En términos de comportamiento acuático podríamos decir que existen dos tipos de personas: las que están sujetas a la marea y las que se dejan llevar, flotando en la superficie, por las corrientes. (Oscar Wilde diría que hay un tercero, las que simplemente existen).

Las primeras son del tipo que esperan en la orilla, como la cabra atada al palo, con un recorrido limitado. Suben y bajan unos metros, pero jamás se alejan demasiado de su centro. Y tienen una tendencia absurda a buscar la compañía de las segundas.

Las que viajan con las corrientes han nacido con un tablón en lugar de un pan debajo del brazo. Y no necesitan más. Se agarran a él y van y vienen en función de la dirección del agua, pasando por encima de las mareas. Y siempre encuentran a alguien atado a un palo en la orilla, que nunca irá más lejos de lo que le lleve la marea. Y que, absurdamente, tiene tendencia a esperar.

En términos de comportamiento acuático podríamos decir que es más seguro evitar el mar y ceñirnos a las piscinas: contenedores cerrados que se nos antojan siempre limpios, transparentes, desinfectados. Sin mareas ni corrientes. Una poza en la que convivir, sin palos, cuerdas ni tablones.

Pero, ah, la vida no es una piscina, la Tierra no es depósito cerrado, sino un planeta del que el 71% está cubierto de agua. Tres cuartas partes. Imposible escapar. Así que las piscinas no son una opción.

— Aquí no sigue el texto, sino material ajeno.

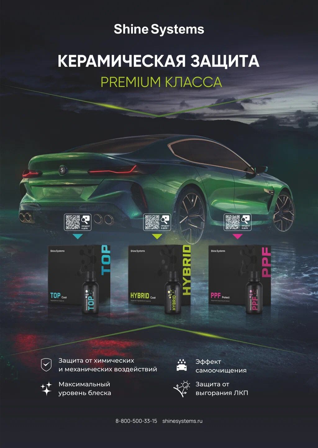 TOP Coat - гидрофобное керамическое покрытие для кузова Shine Systems, 50 мл интересное:

Ni son tan límpidas como las imaginamos.

Javier Marqueríe publicó en el fanzine 10×15 (I love pools) una serie de fotografías en las que mostraba el interior de unas piscinas: abandonadas, con el agua estancada, llenas de hojas caídas, olvidadas.

Carmen Dalmau ha descrito perfectamente las sensaciones que el trabajo de Javier provoca: Uno de los primeros trabajos de JavierMarquerie Thomas -Un avión se va y un hombre queda a cuatro patas (2007)- me arrebató el corazón. Una piscina en el letargo del largo invierno, teñida con todos los colores de la melancolía, convertida en depósito de los dolores del alma, era la huella del tiempo sobre los escenarios de la infancia, un ejercicio de explicación a través del paisaje de los sentimientos sobre los que construimos los trabajos y los días, adquirir de golpe la certidumbre de que estamos en la edad en la que no siempre será verano, descubrir que la vida iba en serio, como nos advirtió Jaime Gil de Biedma. Nada que añadir.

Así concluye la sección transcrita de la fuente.